Latter Gay Saint overturns Luke 16:13 with new Revelation: Ye can serve both God and M(or)mon
.

Here's hoping this doesn't use up my 15 minutes of fame. I'm not done basking in it!

Monday, February 9, 2009

The Literate Presidency

Mark Nickolas has consulted the Oracle of Redmond to render an objective judgment on Obama's and Bush's literacy.

While mere humans are still processing Obama's first Presidential press conference, Microsoft Word has already reached an unsurprising verdict: Obama is smarter than Dubya.

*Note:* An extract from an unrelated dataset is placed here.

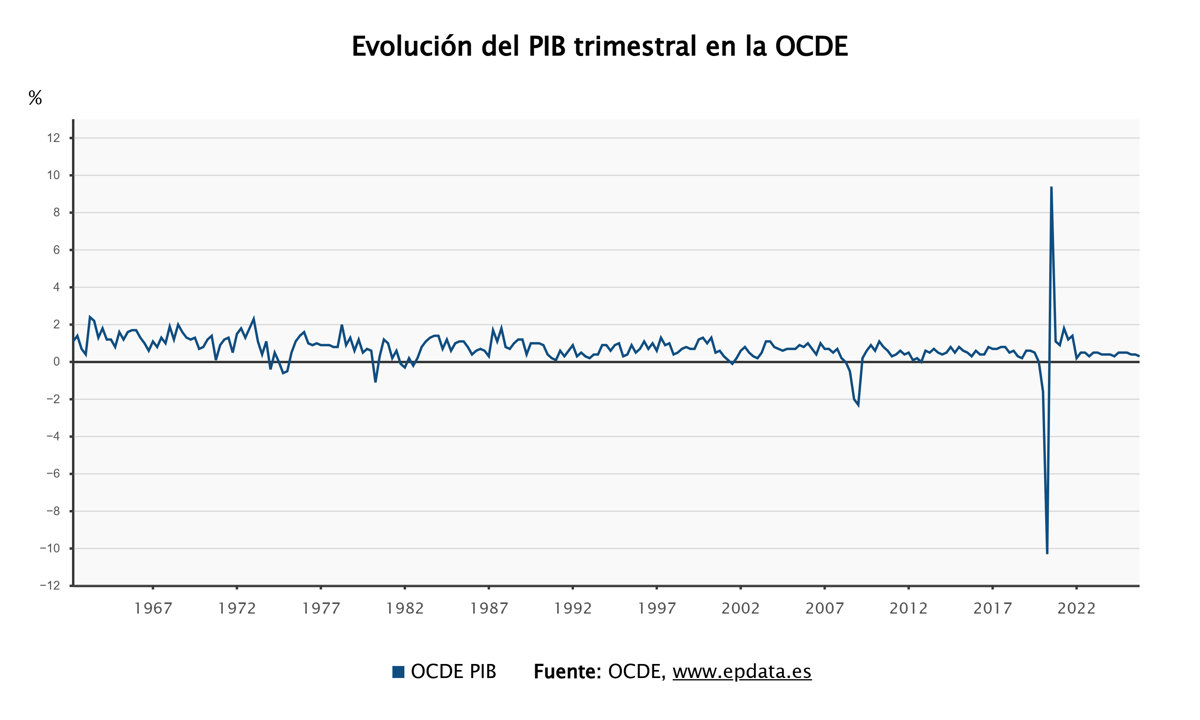 El crecimiento de los miembros de la Organización para la Cooperación y el Desarrollo Económico (OCDE) fue del 0,3% en el cuarto trimestre de 2025, una décima menos que los tres meses anteriores y la menor expansión de las economías avanzadas desde el segundo trimestre de 2024.

Or at least presents himself more intelligibly. In unprepared answers to reporters' questions, Obama speaks at a 10th grade level, Bush at a 7th grade level. To be fair, Obama is still talking down to us, whereas Bush was fully utilizing his English skills to their utmost. Perhaps when Obama gets more comfortable with the long-dormant intelligence and education of his audience, he will let drop more sesquipedalia. In the interim, it already gives me hope just to hear our leader speak extemporaneously on at least a high school level of written English, after the prevaricating and evasive locker room bro-speak of the previous tenant of that high office.

Or, as Henry Higgens had it, “You'll get much further with the Lord if you learn not to offend His ears.”

Mine too.

Tuesday, February 3, 2009

Quo vadis, Papa?

The Independent reports that Pope Benedict XVI has overturned the excommunication of four bishops ordained by the arch-conservative Society of Saint Pius X.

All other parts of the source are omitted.